Friday, March 5, 2010

The Psychiatric Damage of Banning Same-Sex Marriage | Gay Rights |

This is an important study

The Psychiatric Damage of Banning Same-Sex Marriage | Gay Rights |

There's a reason why professional health associations like the American Medical Association (AMA) and the American Psychological Association (APA) support same-sex marriage. Sure, it could be that both of these organizations like to support civil rights, and believe in the dignity of all loving relationships. In addition, it could also be that these organizations recognize that when you ban same-sex marriage, you send a message that could have disastrous effects on a person's or a couple's psychiatric well-being.

Such is the conclusion of a new study issued by the Columbia University School of Public Health, in co-operation with Harvard University and the New York State Psychiatric Institute. Those are three pretty big names, lending their reputations to support findings that indicate an increase in psychiatric disorders among the lesbian, gay, and bisexual population living in states that ban same-sex marriage.
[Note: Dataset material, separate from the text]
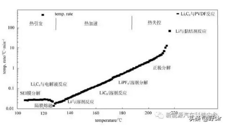 上圖體現(xiàn)的是性能正常的電芯,熱量積累引發(fā)熱失控的過程。撞擊,穿刺等機(jī)械損傷造成的熱失控,不在這張圖的描述范圍。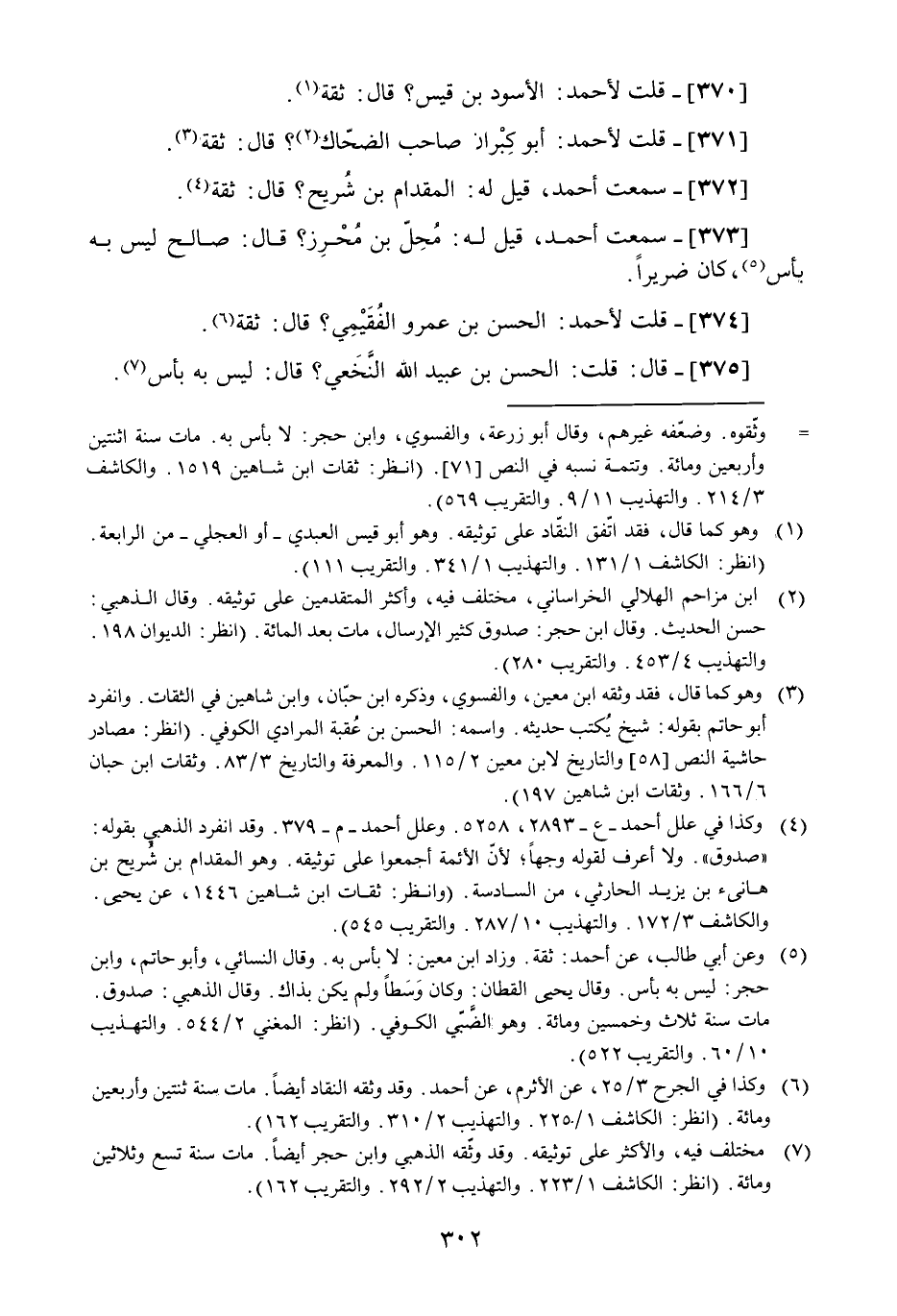 [370] قلت لِأَحْمَد الْأسود بن قيس قَالَ ثِقَة

No surprise, eh? You tell two people that their relationship doesn't mean anything and shouldn't be legally recognized, and you can almost predict the negative consequences that arise. Depression, isolation, sadness, and anxiety ... and that's just to name a few. That makes banning same-sex marriage not only damaging to moving civil rights forward, but also bad for public health, too.

The study itself looked at states that banned gay marriage in 2004 and 2005. Researchers looked to see if gay, lesbian and bisexual people in these states experienced higher degrees of psychiatric disorders over the past five years.

"Before this study, little was known about the impact of institutional discrimination toward lesbian, gay and bisexual individuals in our society," said Deborah Hasin, a Professor at Columbia University and the senior author behind the study. "The study highlights the importance of abolishing institutional forms of discrimination, including those leading to disparities in the mental health and well-being of LGB individuals."

Incidentally, the authors also found that psychiatric disorders rose slightly among heterosexual couples in states that ban gay marriage. Though rates for straight couples weren't nearly as high as for same-sex couples, the point is pretty clear: there are just no good psychiatric side effects from criminalizing gay marriage, both for straight and queer folks.

This goes hand-in-hand with countless reports, mostly authored by the Williams Institute at UCLA, that show how economically speaking, banning gay marriage hurts states. States lose out on money from same-sex weddings and tourism, not to mention costs related to marriage applications and license fees.

Couple that with this psychiatric study, and really: Is there one good reason to ever ban same-sex marriage?

Opponents of same-sex marriage may be vocal. But let's see them turn up one reputable study that suggests their position has any scientific or economic gravitas behind it.